No son rumores...ya se ha presentado el proyecto a la Municipalidad y ya lo han aceptado. Ahora, se viene oyendo sobre este proyecto desde hace meses. Piensan comenzar las obras a mediados del próximo año.


----------



## skyperu34 (May 25, 2003)

eso es una bellisima y excitante noticia !!!!!!!!!!!


----------



## El Bajopontino (Feb 17, 2005)

A mediados del próximo año todavía, uff falta bastante, pero al menos ya hay fecha.


----------



## J Block (Feb 16, 2004)

Aquí se construirá el Hotel Libertador:


----------



## El Bajopontino (Feb 17, 2005)

Va a ser enorme, wow, con la altura que va a tener se va a poder ver de todas partes.


----------



## eder1982 (Mar 2, 2005)

es seguro que son proyectos diferentes y la imagen si es un render claro se ve lo que pasa es que ya los softwares son mas exactos y complejos

aqui les dejo un render que hizo un amigo, la mayoria se impresiona por que parece una foto pero la tecnologia es impresionante y ya no sabemos si son renders o fotos 



se ve muy real no???? y yo vi cuando lo hacia, de hecho le ayude un poco con la iluminacion


----------



## El Bajopontino (Feb 17, 2005)

No jodas, juraría que es una foto, me pregunto que se podrá hacer de aqui a 10 años.


----------



## eder1982 (Mar 2, 2005)

fijate bien en el cesped ,es donde se nota mas que es un render ya que se ve un poco mas falso
con esto le damos la bienvenida al 3d studio 7.0


----------



## Jheef (Jun 26, 2003)

Muy bien.... felicidades 

que alturA creen que tendra??


----------



## fayo (Nov 8, 2003)

*que tal skyline para el 2008?*

o sea q el 2008 lima tendra el skyline casi perfecto de sur america:

imaginese el skyline de ahora con el chocavento, interbank, petroperu, wiese, siglo 21 ripley, banco de credito, continental, nuevo mundo, etc...... mas inluyase las dos torres del centro financiero y la del hotel de 40 pisos q estaria pegadito al centro financiero.

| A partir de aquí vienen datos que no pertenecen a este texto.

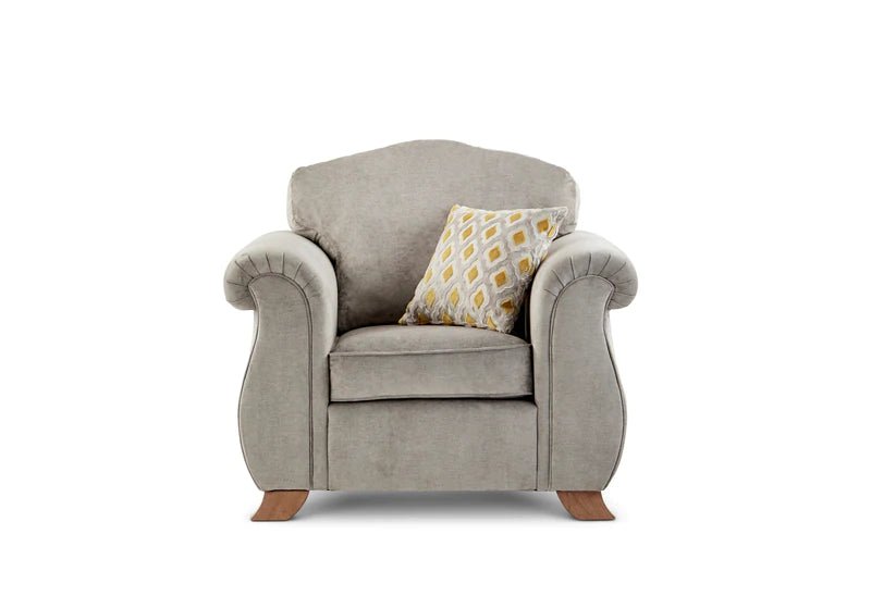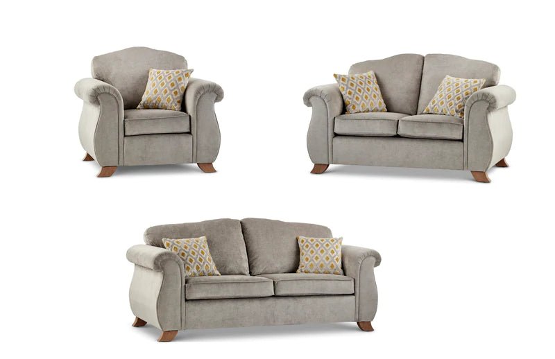 Modern sofa with a traditional look . High-quality materials. Built on solid wood frame in. Chenille upholstery. Filled with foam fibre seats and cushions that offer exceptional comfort. Rolled arm design and curved feet. |
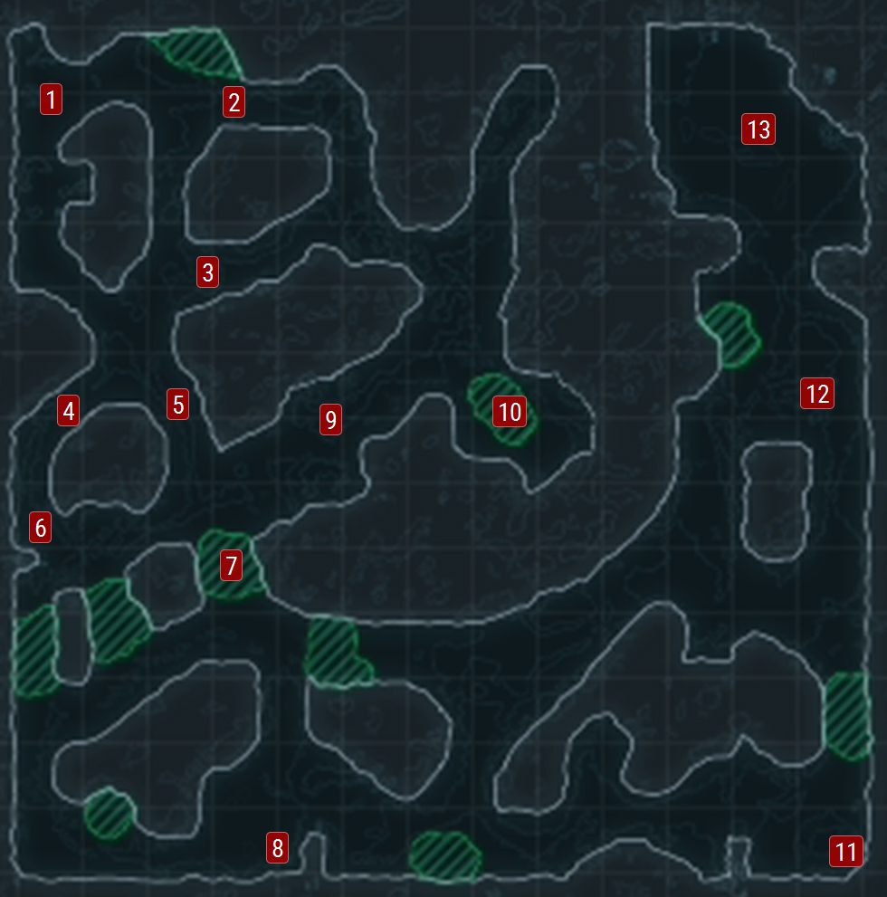 You start in the North-Eastern part of the map [1]. The entire area is criss-crossed with Beta fortifications that are guarded by small groups of units. The disadvantage here is that wherever you go, you run into the enemy. The advantage is that you are not going to be attacked too often.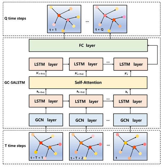 To extract the spatiotemporal features of route point traffic data more accurately, a neural network model based on graph convolutional network (GCN) and self-attention based long short-term memory network (SALSTM) is constructed, referred to as GC-SALSTM. This model is designed for short-term route point traffic prediction. The framework of the model is illustrated in Figure 9, comprising a GCN module and a LSTM module based on the self-attention mechanism. Firstly, the input consists of the route network topology diagram and the features of each route point over consecutive time steps in the network. Then, the graph convolution module is employed to extract spatial features of the route point network. The LSTM module captures the temporal features of route point traffic, and the self-attention mechanism assigns different attention weights to each time step, further enhancing the prediction model accuracy. Lastly, a fully connected layer outputs predictions for the traffic at each route point over consecutive time steps.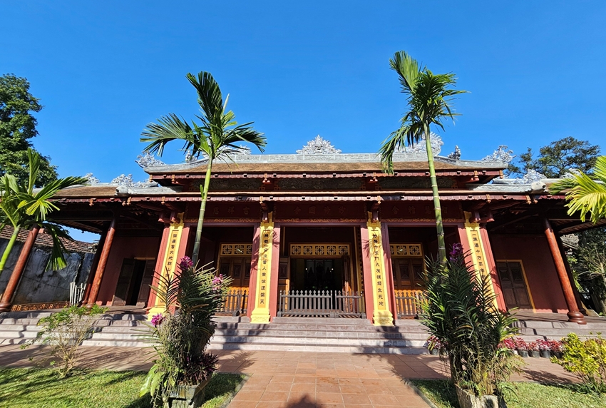 Chánh điện cũ chùa Diệu Đế sau khi được dịch chuyển lùi phía sau đã được tu bổ, gia cố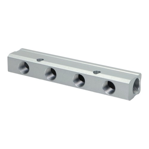 Srieginė aliuminio paskirstymo juosta, kolektorius 2 x G 1/2 GW - 4 x G 3/8 GW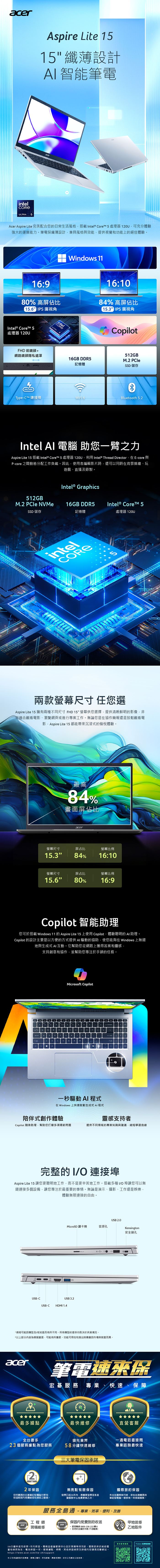 | 【商品名稱/型號】 | 【Acer 宏碁】Aspire LiteAL15-51P-50GN 15.3吋文書筆電 |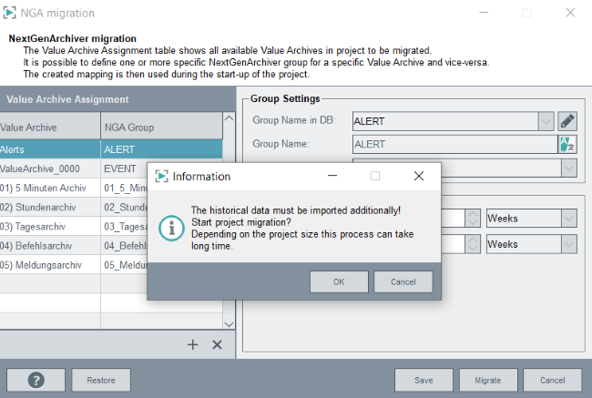 Click on the Migrate button to start the Migration. An information about the historical data is shown (see figure below). Click on OK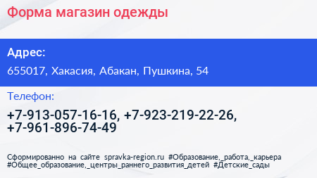 Форма, магазин одежды по адресу 655017, Хакасия, Абакан, Пушкина, 54 в дальнейшем Организация, размещена в следующих категориях: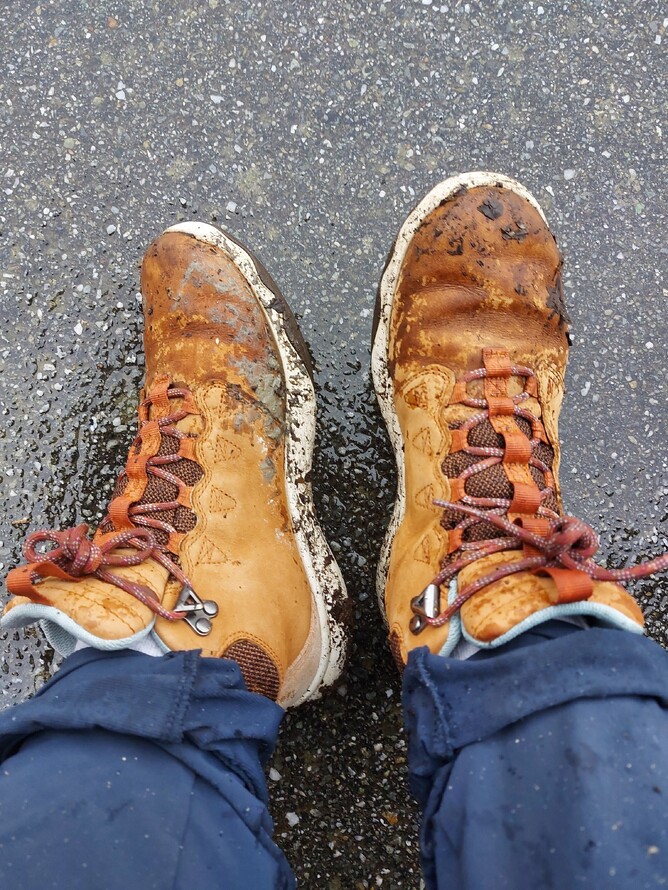 Oops! Pleased I took two pairs of boots. Once dry, these brushed clean.

que bacan una foto aerea q sea tomada desde un helicoptero a unos 250 m encima del interbank y q salga la foto desde el continental hasta el hotel libertadores de 40 pisos: incluye todo el perfil de lima con su cruce de 3 niveles del paseo de la republica con la javier prado con el fondo del chocavento.


----------



## pedro1011 (Jan 15, 2005)

Jheef said:


> Muy bien.... felicidades
> 
> que alturA creen que tendra??


Supongo que tendrá unos 140 metros.


----------



## dlHC84 (Aug 15, 2005)

buah !!! que pena.. yo pensaba que el hotel sería el Hilton, pero bueno no viene mal nuevas inversiones, pero un Hilton en Lima... le quedaría como anillo al dedo, eso le daría mas caché a nuestra ciudad.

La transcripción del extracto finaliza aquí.